How Can Bad Credit Affect Mortgage Terms?

Stop. Before you use that charge card again, or blow off that bill payment, think about how it might affect your home.

The issue here is your credit rating, and what's at stake is your ability to buy a home or keep the one that you're in. Too many homeowners have seen bad credit affect mortgage conditions, and that can make the difference between owning the roof over your head or spending your life dependent on landlords.

The impact of bad credit on your mortgage may be felt in a variety of ways, as the next section will describe.

How Can Bad Credit Affect Mortgage Terms?

You might see bad credit affect mortgage terms in any or all of the following ways:

Availability of mortgages

Lenders tightened standards in reaction to the housing crisis, and even several years later, it still takes pretty good credit to qualify for a mortgage. For example, even with FHA mortgages, which are intended to make housing more widely available, the average credit score of FHA borrowers in the third quarter of 2015 was 681. Less than five percent of FHA mortgages went to borrowers with credit scores below 620. Back in 2009, nearly 25 percent of FHA loans were going to borrowers with such low credit scores. This is indicative of how lenders have tightened their standards since then, and that's not just true of FHA loans. Borrowers with low credit scores can expect a cold reception from lenders for any type of mortgage.

Size of down payment

Even if you qualify for a loan, you may be expected to put up a larger down payment if you do not have a strong credit rating. That extra equity up front serves as protection to the lender against the possibility that they may have to foreclose on the house, a possibility lenders view as more likely for home buyers with weaker credit scores. Having to save up for a larger down payment could delay when you are able to buy a house, and that delay could prove very costly if you miss out on today's extraordinarily low mortgage rates.

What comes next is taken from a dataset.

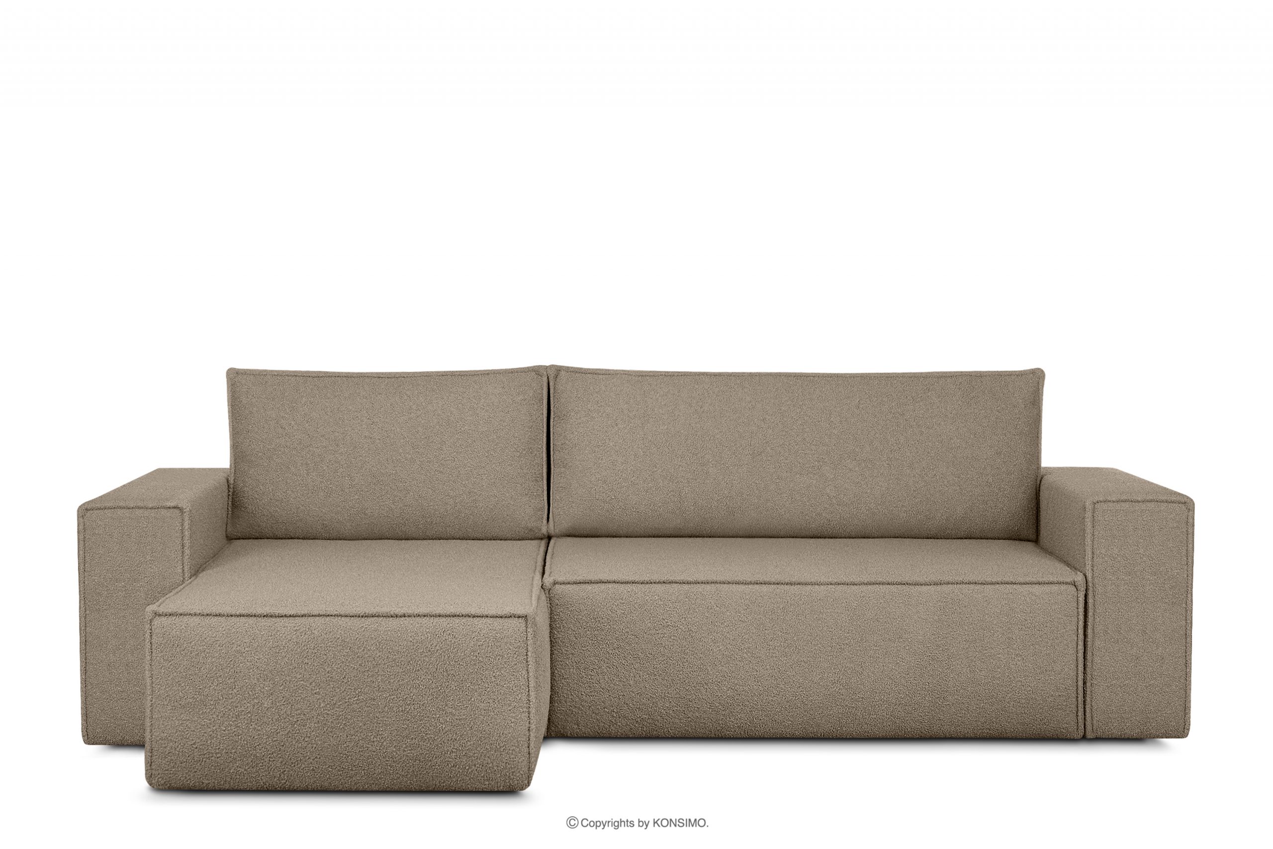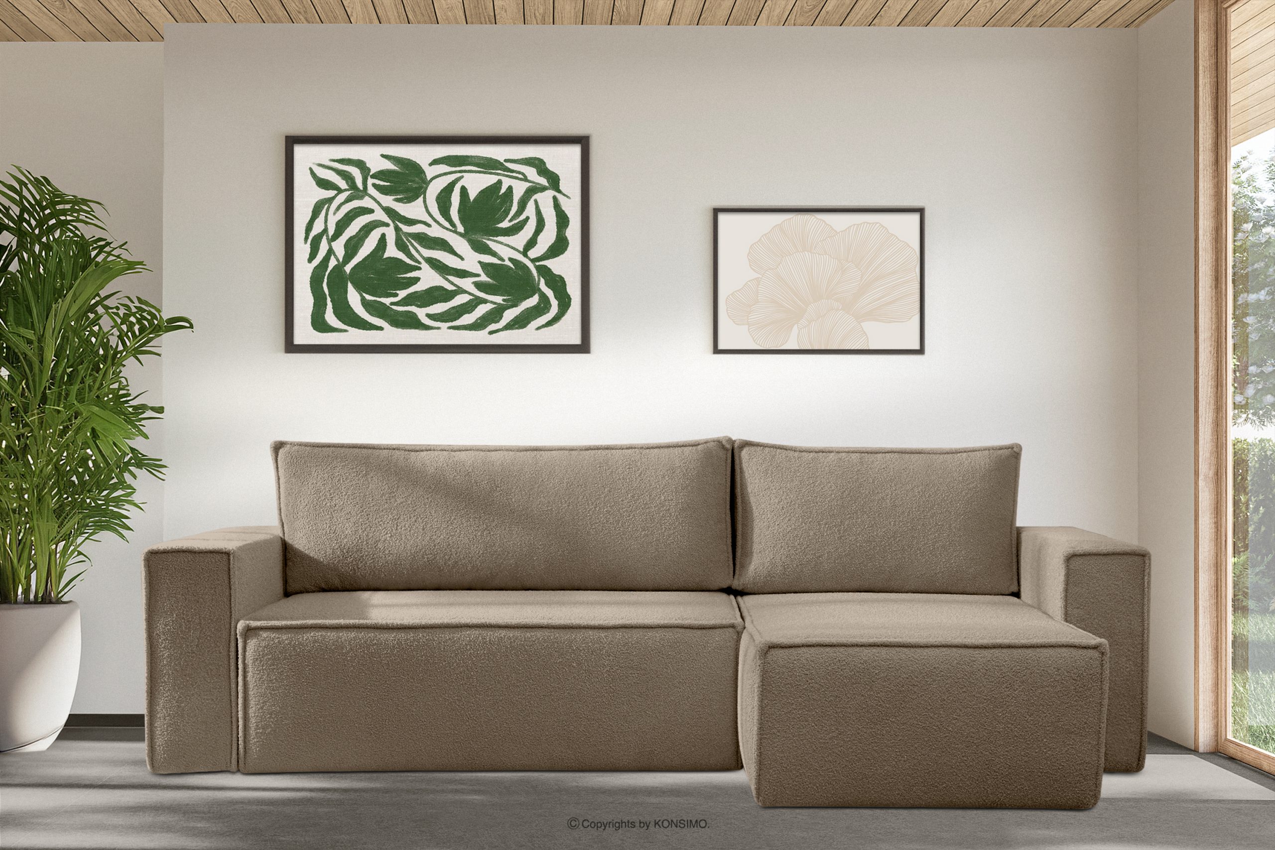 Stranu rohovej pohovky určíte tak, že sa postavíte pred posteľ čelom k pohovke. Čalúnenie je vyrobené z látky boucle, ktorá je príjemná na dotyk, ľahko sa čistí a dlho si zachováva svoj vzhľad.

Mortgage insurance premiums

Another way lenders protect themselves in certain mortgage programs is through mortgage insurance, which insures the backer of the loan against the borrower's failure to repay. As you might expect, the greater the risk your credit score indicates that you are, the higher the premium on this insurance is likely to be.

Higher interest rates

Lenders factor default risk in when they set mortgage rates, so naturally customers with the best credit typically qualify for the lowest interest rates. With less-than-perfect credit, you may still qualify for a loan, but it could cost you more in interest – and that's an extra expense you may be paying for the next 30 years.

Loss of refinancing flexibility

Refinancing can give you the flexibility to make your mortgage more manageable in a variety of ways, including taking advantage of lower interest rates, making monthly payments more affordable by stretching your remaining balance over a longer time, or reducing total interest cost by shortening the loan. If your credit score deteriorates though, you may not qualify for refinancing, leaving you with no flexibility to change your original loan terms.

As you can see, bad credit can cost you in a variety of ways – in your ability to buy a home, in how much it costs to buy a home, or in your ability to keep your home once you are in it. Measured against the effort required to maintain or improve your credit, those costs are well worth avoiding.